I have not read his first book, but have read Chanakya’s Chant with much delight multiple times. Chanakya’s Chant also had two layers, one of the fictional retelling of Chanakya and Chandragupta Maurya’s lives and the second of the lives Chandini and Gangasagar in the present. The two layers were in perfect balance with one leading into the other stream lessly. Just like a well made lasagna or Danish pastry. The Krishna Key however lacks such finesse and at times the plot seems to be pushed ahead instead of progressing. I once wondered that this book had been written before and Chanakya’s Chant after assuming that as the author matured his way of balancing the layers did as well.
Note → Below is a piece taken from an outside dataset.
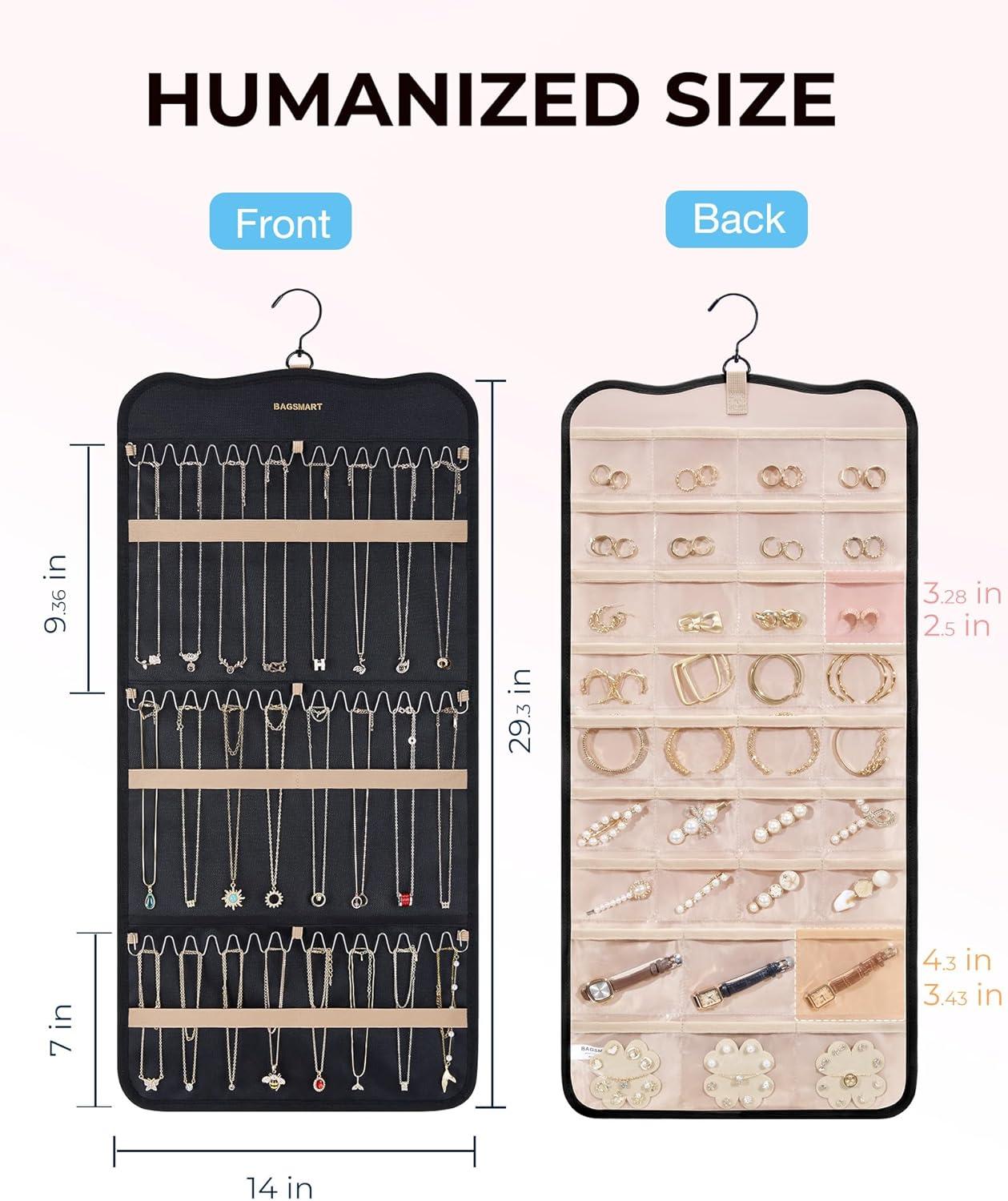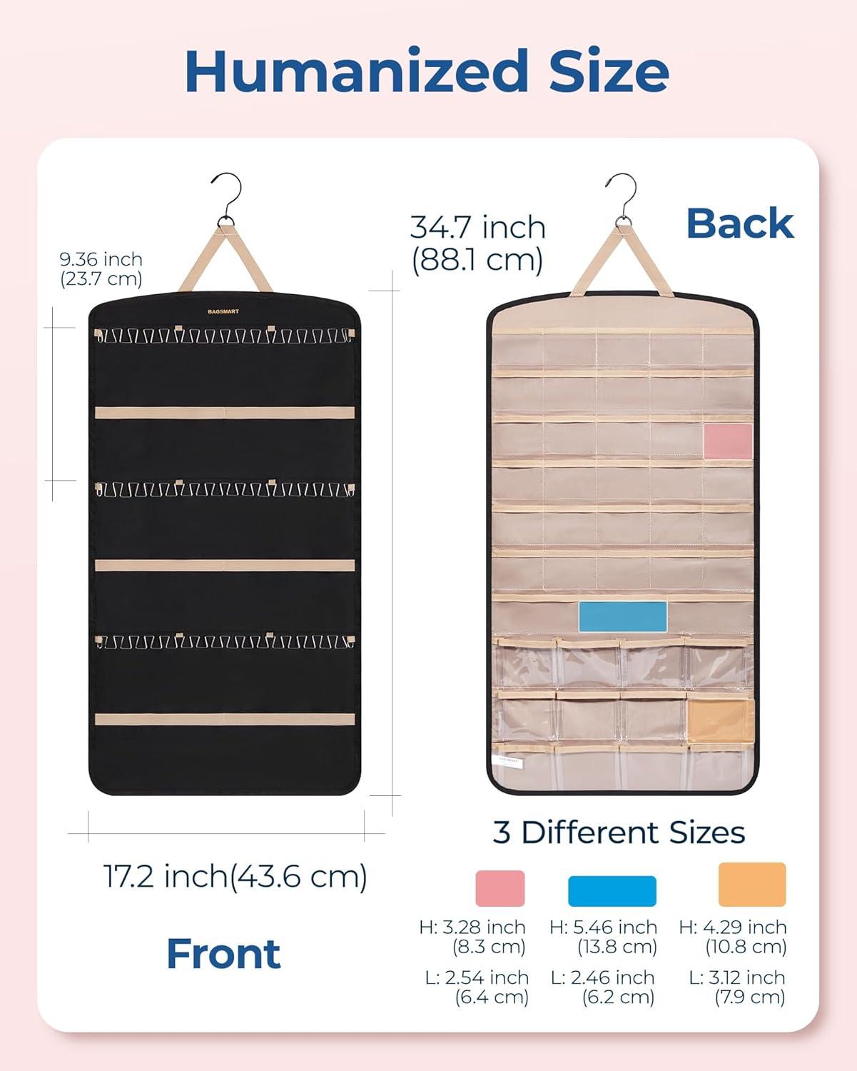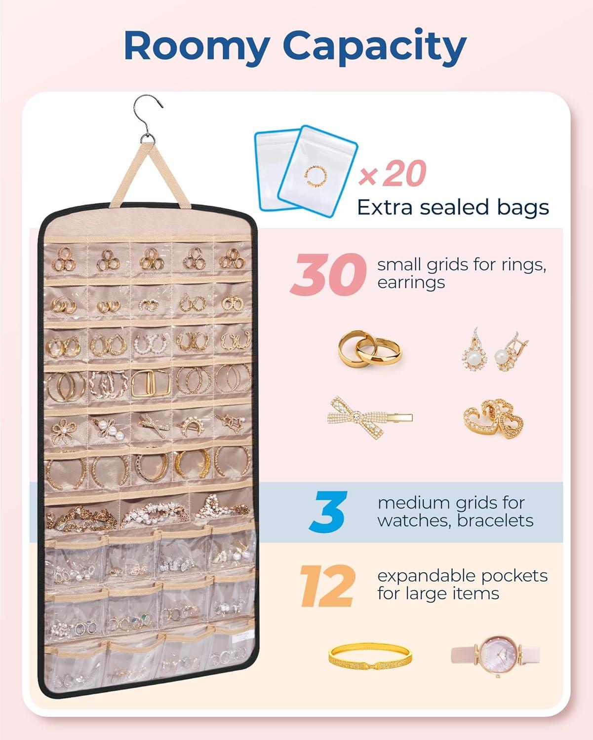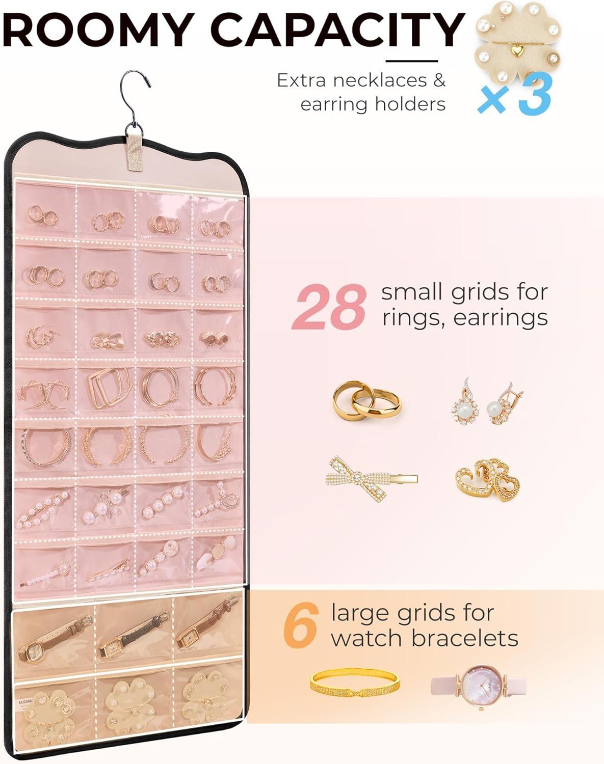 Roomy Capacity- Double-sided hanging jewelry organizer offers generous storage space. It's designed with 32 transparent pockets on one side, perfect for holding rings, earrings, bracelets, watches, hairpins, and other small jewelry items. The other side is designed to accommodate up to 42 necklaces.

It seems however Sanghi is a victim of the success of his previous work that I and others have compared this book to those before.
The book is however still a good read and I must appreciate the amount of effort and time put in by the author in the research required to write such a book.
This review is part of the Book Review Program by BlogAdda. Wherein members of the program can receive free books as long as they commit to post a review of it. Due to my own lack of energy owing to some projects I hadn’t blogged for quite some time. I knew that a review would be required when I got in to the program and my lack of energy is no excuse for the review to come so late that BlogAdda had to follow up on me. My sincerest apologies for that.